PROMPT:
Retype, exactly as they stand, the lines from the start of the data to the line that contains "2. Plug the", both ends included. Leave the pictures out.

Extracted data entries:
----
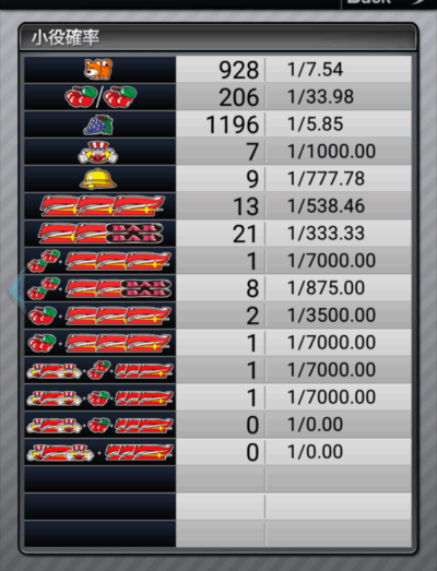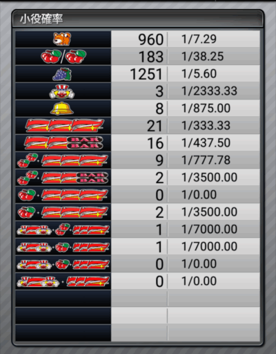 ボーナス合算は設定4の理論値に近く、ぶどう出現率もかなり悪かったので、現実レベルでは「高設定…なのかな?」ぐらいでしょう。
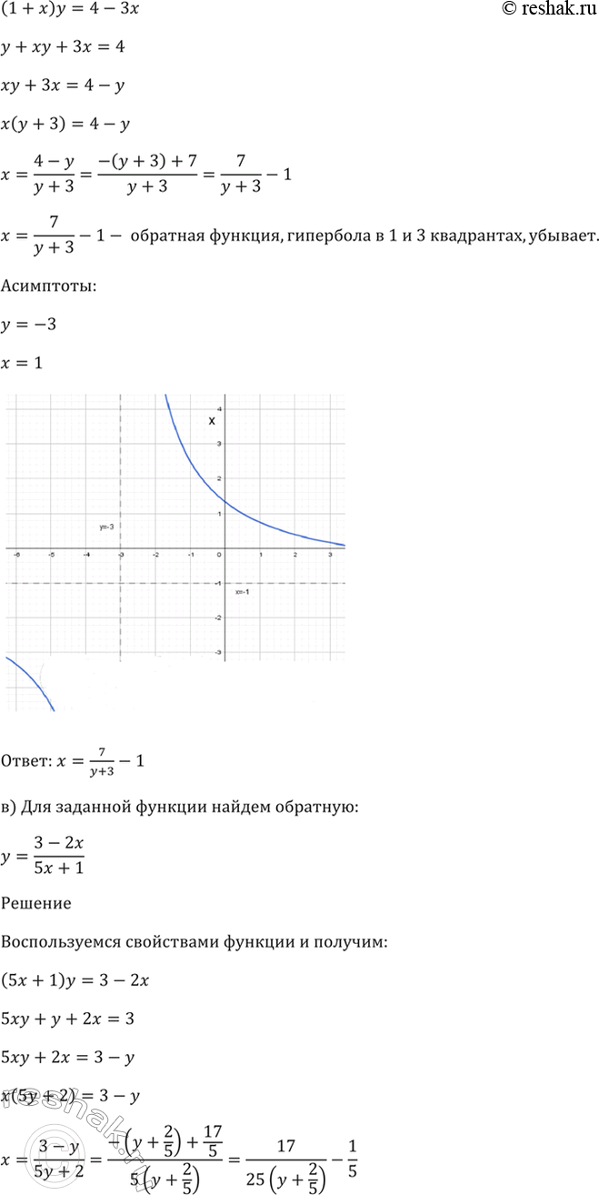 б) У = (4 - Зх)/(1 + х);
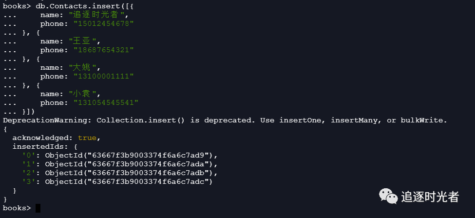 db.Contacts.insert([{name: "追逐时光者",phone: "15012454678"}, {name: "王亚",phone: "18687654321"}, {name: "大姚",phone: "13100001111"}, {name: "小袁",phone: "131054545541"}])
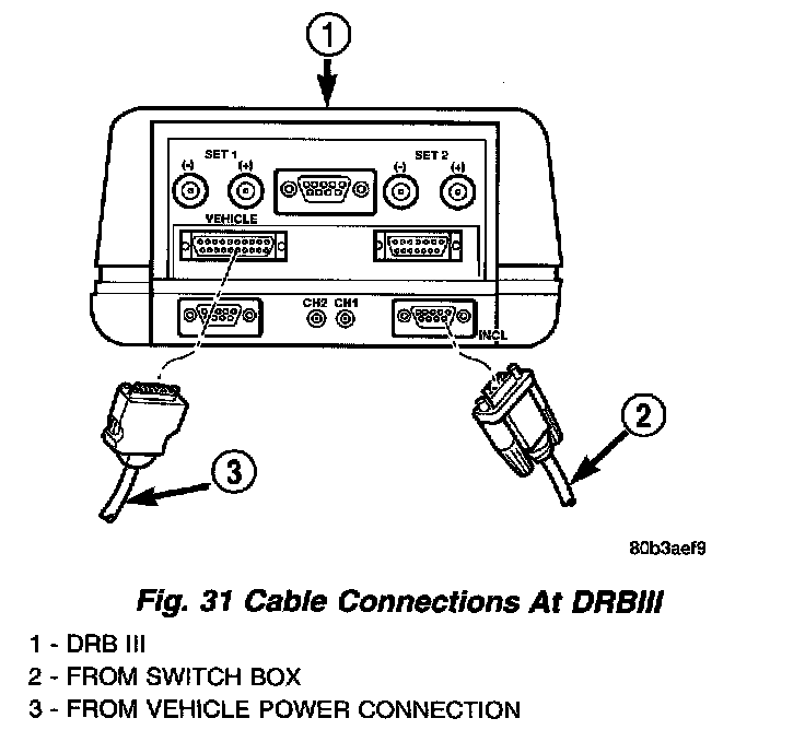2. Plug the power cable (supplied with the DRBIII kit) into the DRBIII power connector marked "VEHICLE."
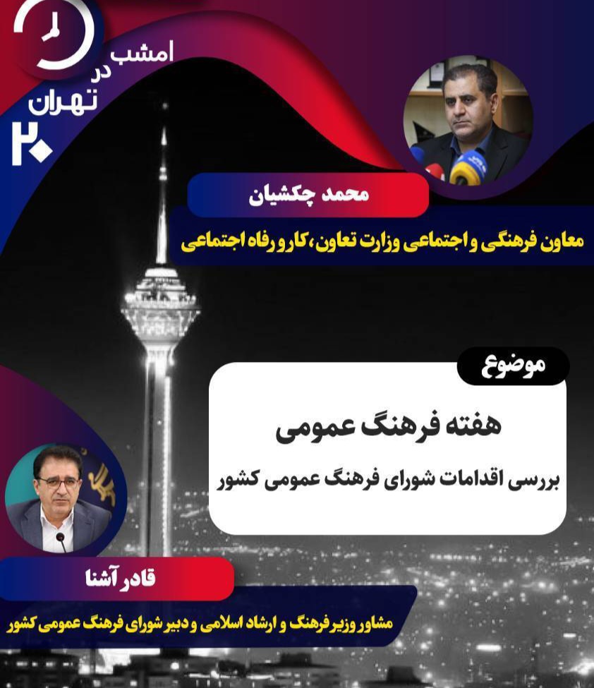 به گزارش پایگاه اطلاعرسانی سیما، «محمد چکشیان»، معاون فرهنگی و اجتماعی وزارت تعاون، کار و رفاه اجتماعی و «قادر آشنا»، مشاور وزیر فرهنگ و ارشاد اسلامی و دبیر شورای فرهنگ عمومی، امشب در برنامه موانع فرهنگی تولید، مؤلفههای فرهنگ کار، چالش اصلی فرهنگ کشور و ... را بررسی خواهند کرد.
----
YOUR RESPONSE:
 ボーナス合算は設定4の理論値に近く、ぶどう出現率もかなり悪かったので、現実レベルでは「高設定…なのかな?」ぐらいでしょう。
 б) У = (4 - Зх)/(1 + х);
 db.Contacts.insert([{name: "追逐时光者",phone: "15012454678"}, {name: "王亚",phone: "18687654321"}, {name: "大姚",phone: "13100001111"}, {name: "小袁",phone: "131054545541"}])
2. Plug the power cable (supplied with the DRBIII kit) into the DRBIII power connector marked "VEHICLE."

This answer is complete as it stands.